» Source records
************

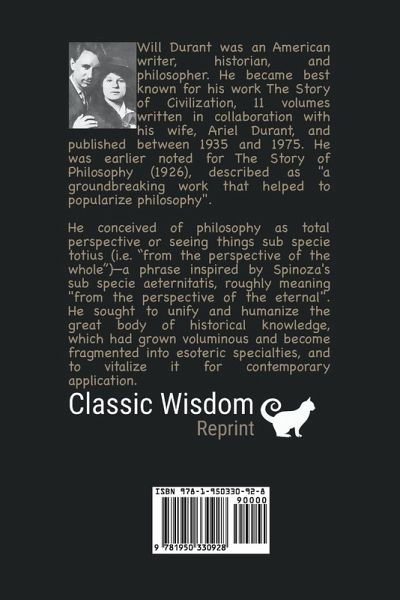 The Story of Philosophy: The Lives and Opinions of the Greater Philosophers is a 1926 book by Will Durant, in which he profiles several prominent Western philosophers and their ideas, beginning with Socrates and Plato and on through Friedrich Nietzsche. Durant attempts to show the interconnection of their ideas and how one philosopher's ideas informed the next. There are nine chapters each focused on one philosopher, and two more chapters each containing briefer profiles of three early 20th century philosophers. The book was published in 1926, with a revised second edition released in 1933. The work was preceded by a number of pamphlets in the Little Blue Books series of inexpensive worker education pamphlets. They proved so popular they were assembled into a single book and published in hardcover form by Simon & Schuster in 1926. Philosophers profiled are, in order: Plato (with a section on Socrates), Aristotle, Francis Bacon, Baruch Spinoza (with a section on Descartes), Voltaire (with a section on Rousseau), Immanuel Kant (with a section on Hegel), Arthur Schopenhauer, Herbert Spencer, and Friedrich Nietzsche. The final two chapters are devoted to European and then American philosophers. Henri Bergson, Benedetto Croce, and Bertrand Russell are covered in the tenth, and George Santayana, William James, and John Dewey are covered in the eleventh.
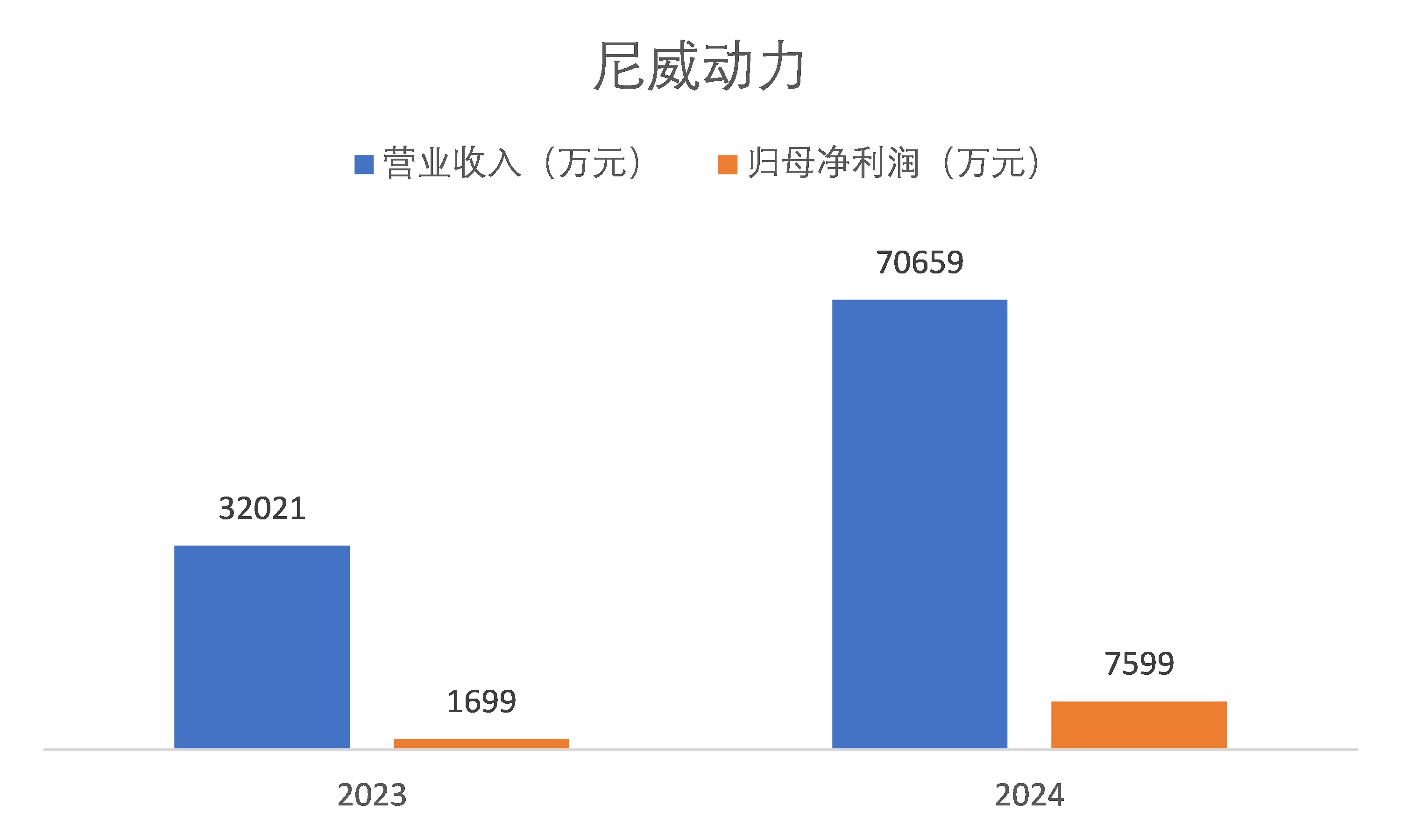 公开数据显示,尼威动力近三年业绩呈现爆发式增长:2023年营收3.2亿元,2024年营收翻倍至7.07亿元;净利润则从2023年的1699万元,跃升至2024年的7599万元。
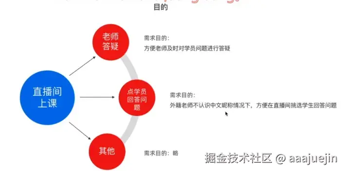 2.外籍教师在直播间上课过程当中,涉及到想要点学生发言,但老师由于不认识中文,所以没法直接在直播间点名,所以他自己想出的方案是,在直播间让学生能直接举手并邀请对应的人进行问题的回答
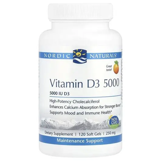 Вітамін D давно відомий своєю важливою роллю в регулюванні рівня кальцію та фосфору в організмі, а також у збільшенні мінералізації в кістках. Вітамін D3 5000 Nordic Naturals — це холекальциферол, натуральна форма вітаміну D, яка найбільш легко засвоюється та використовується. Кожна порція містить 5000 МО вітаміну D3 в оливковій олії першого віджиму.
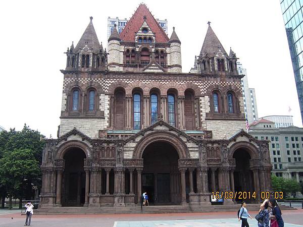 三一教堂和旁邊以玻璃帷幕打造的約翰.漢考克大樓形成現代與傳統建築的強烈對比、這棟高240公尺、60層樓的建築好像一面大鏡子、將教堂和附近街道的身影投影在自己的帷幕上、形成一幅特殊風景、相當有趣。大樓建於1976年、、曾經獲得無數建築獎項、很值得一看。
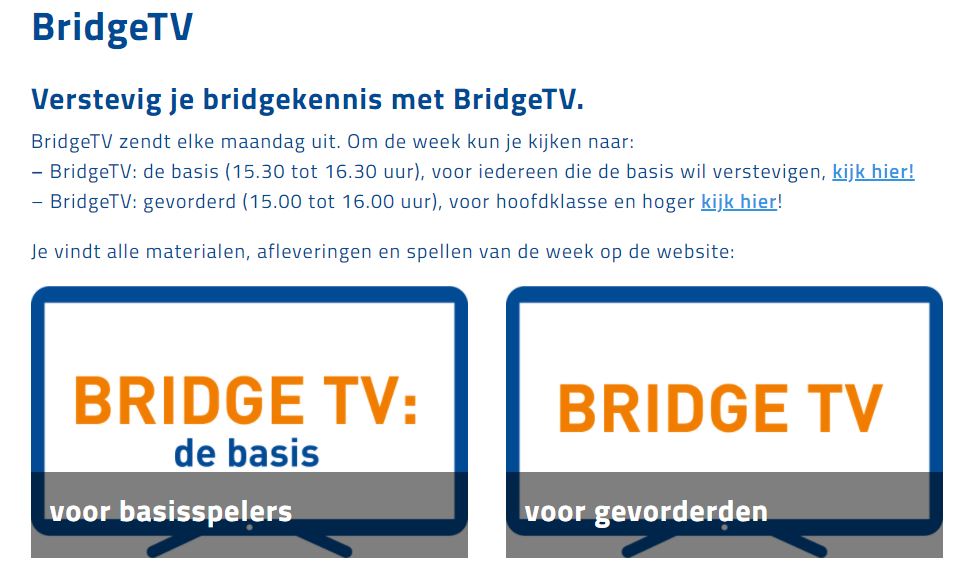 In maart 2020 is de Nederlandse Bridge Bond begonnen met een wekelijkse TV serie over bridge.
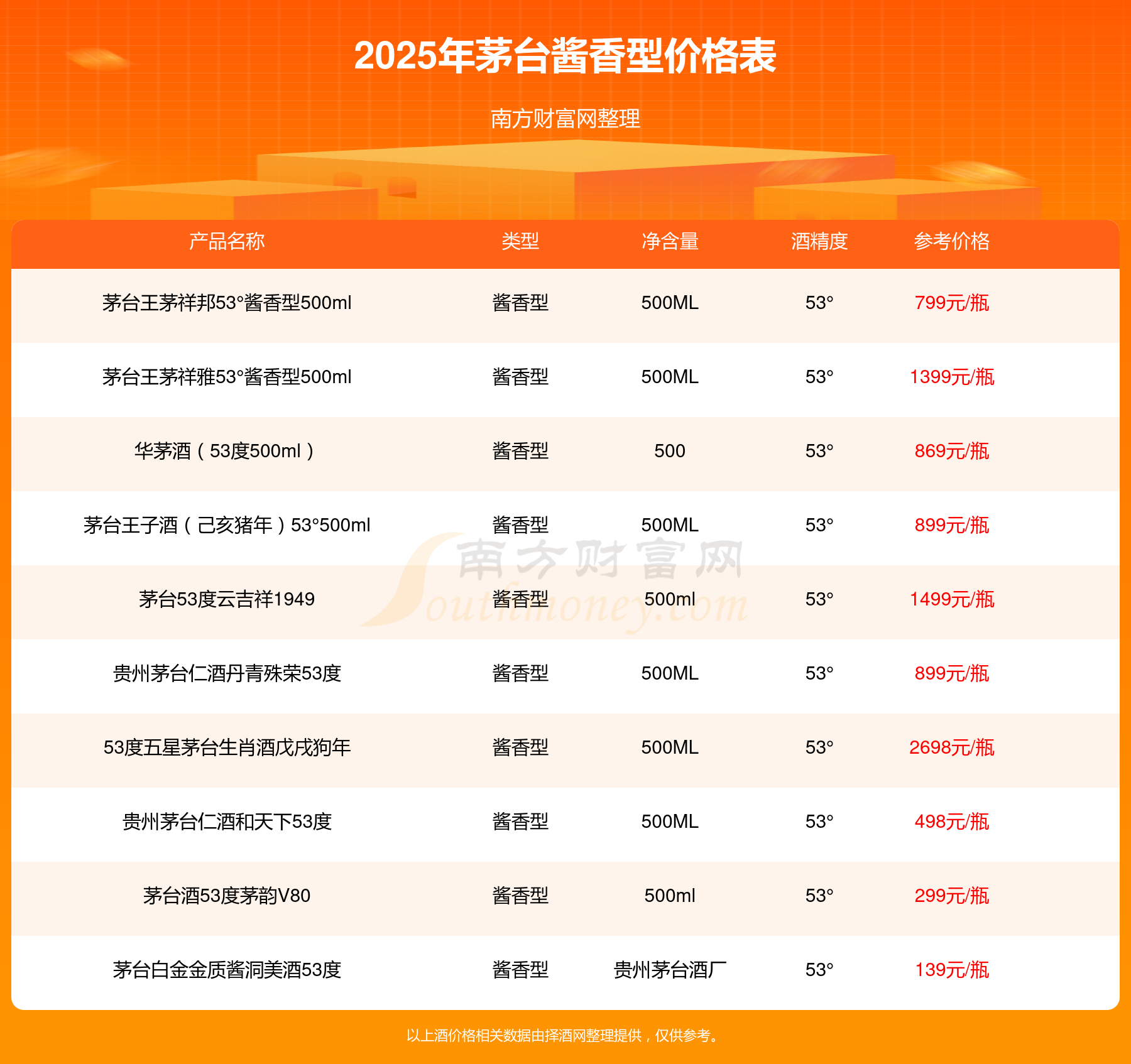 2025年茅臺醬香型酒華茅鑒藏 醬香型白酒 3L 53°、53度五星茅臺生肖酒丁酉雞年、貴州茅臺己亥豬年生肖酒53°500ml、53度五星茅臺生肖酒戊戌狗年、飛天茅臺53°500ml(2015年)、茅臺王子酒己亥豬年生肖紀(jì)念酒53度2.5L、茅臺1935醬香型53度等最新價格如下:華茅鑒藏 醬香型白酒 3L 53°參考價8388元/瓶、53度五星茅臺生肖酒丁酉雞年參考價2798元/瓶、貴州茅臺己亥豬年生肖酒53°500ml參考價2699元/瓶、53度五星茅臺生肖酒戊戌狗年參考價2698元/瓶、飛天茅臺53°500ml(2015年)參考價2199元/瓶、茅臺王子酒己亥豬年生肖紀(jì)念酒53度2.5L參考價2099元/瓶、茅臺1935醬香型53度參考價1799元/瓶。
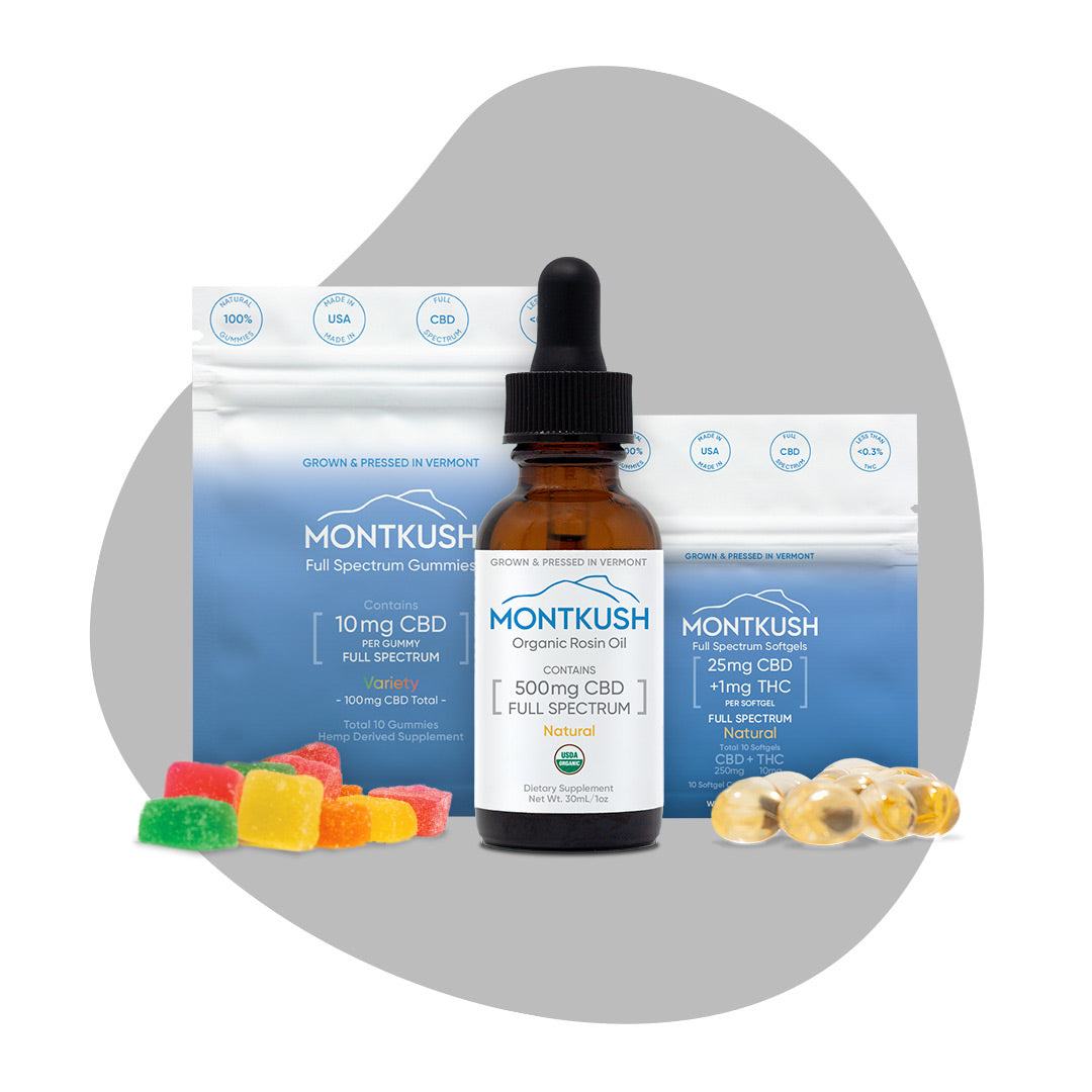 The MONTKUSH Relax & Revive Bundle includes your choice of 500mg CBD oil (Natural, Mint, or raw CBDA oil), a 10-count packet of our CBD gummies, and a 10-count packet of our CBD softgels.

************

» WORK REQUEST
To answer, repeat exactly the lines from the line containing "2025年茅臺醬香型酒華茅鑒藏 醬香型白酒 3L" through the last line of the data above, leaving out all pictures.

» REPLY TO THE TASK
 2025年茅臺醬香型酒華茅鑒藏 醬香型白酒 3L 53°、53度五星茅臺生肖酒丁酉雞年、貴州茅臺己亥豬年生肖酒53°500ml、53度五星茅臺生肖酒戊戌狗年、飛天茅臺53°500ml(2015年)、茅臺王子酒己亥豬年生肖紀(jì)念酒53度2.5L、茅臺1935醬香型53度等最新價格如下:華茅鑒藏 醬香型白酒 3L 53°參考價8388元/瓶、53度五星茅臺生肖酒丁酉雞年參考價2798元/瓶、貴州茅臺己亥豬年生肖酒53°500ml參考價2699元/瓶、53度五星茅臺生肖酒戊戌狗年參考價2698元/瓶、飛天茅臺53°500ml(2015年)參考價2199元/瓶、茅臺王子酒己亥豬年生肖紀(jì)念酒53度2.5L參考價2099元/瓶、茅臺1935醬香型53度參考價1799元/瓶。
 The MONTKUSH Relax & Revive Bundle includes your choice of 500mg CBD oil (Natural, Mint, or raw CBDA oil), a 10-count packet of our CBD gummies, and a 10-count packet of our CBD softgels.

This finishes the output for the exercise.